Adrenocortical adenomas are benign tumors of the adrenal cortex that are extremely common (present in 1-10% of persons at autopsy). They should not be confused with adrenocortical "nodules", which are not true neoplasms. Adrenocortical adenomas are uncommon in patients younger than 30 years old, and have equal incidence in both sexes.[citation needed]
The clinical significance of these neoplasms is twofold. First, they have been detected as incidental findings with increasing frequency in recent years, due to the increasing use of CT scans and magnetic resonance imaging in a variety of medical settings. This can result in expensive additional testing and invasive procedures to rule out the slight possibility of an early adrenocortical carcinoma. Second, a minority (about 15%) of adrenocortical adenomas are "functional", meaning that they produce glucocorticoids, mineralcorticoids, and/or sex steroids, resulting in endocrine disorders such as Cushing's syndrome, Conn's syndrome (hyperaldosteronism), virilization of females, or feminization of males. Functional adrenocortical adenomas are surgically curable.[citation needed]

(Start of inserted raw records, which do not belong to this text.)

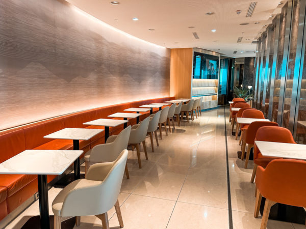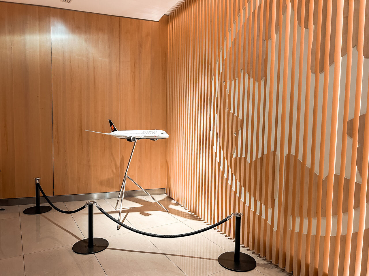 The basic layout of the lounge remains largely unchanged – and that’s a positive aspect. The reception area continues to feature the iconic maple leaf logo and a model aircraft. Guests then enter the spacious buffet and seating area as before.
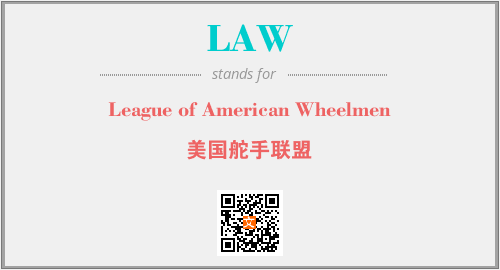 英文缩略词“LAW”经常作为“League of American Wheelmen”的英文缩写来使用,中文表示:“美国舵手联盟”。本文将详细介绍英文缩写词LAW所代表英文单词,其对应的中文拼音、详细解释以及在英语中的流行度。此外,还有关于缩略词LAW的分类、应用领域及相关应用示例等。
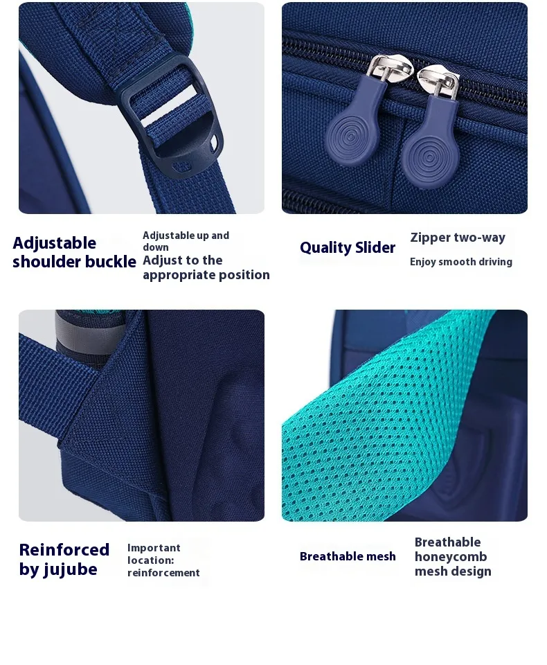 Function: breathable, waterproof, ultra-light, antibacterial, wear-resistant, burden-reducing, spine protection, night safety reflective
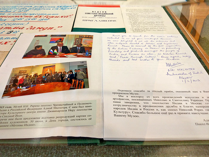 Тепло прошло общение с коллективом музея. В книге отзывов Аджай Малхотра оставил запись, в которой, в частности, было сказано: “Примите наши заверения в том, что посольство Индии в Москве готово к сотрудничеству в продвижении дружбы и благих намерений среди народов Индии и России и, как сказал Николай Рерих, «мира через Культуру». Спасибо большое ещё раз и примите наилучшие пожелания Вашему Музею”.

Most of the adrenocortical adenomas are less than 2 cm in greatest dimension and less than 50 gram in weight. However, size and weight of the adrenal cortical tumors are no longer considered to be a reliable sign of benignity or malignancy. Grossly, adrenocortical adenomas are encapsulated, well-circumscribed, solitary tumors with solid, homogeneous yellow-cut surface. Necrosis and hemorrhage are rare findings.[citation needed]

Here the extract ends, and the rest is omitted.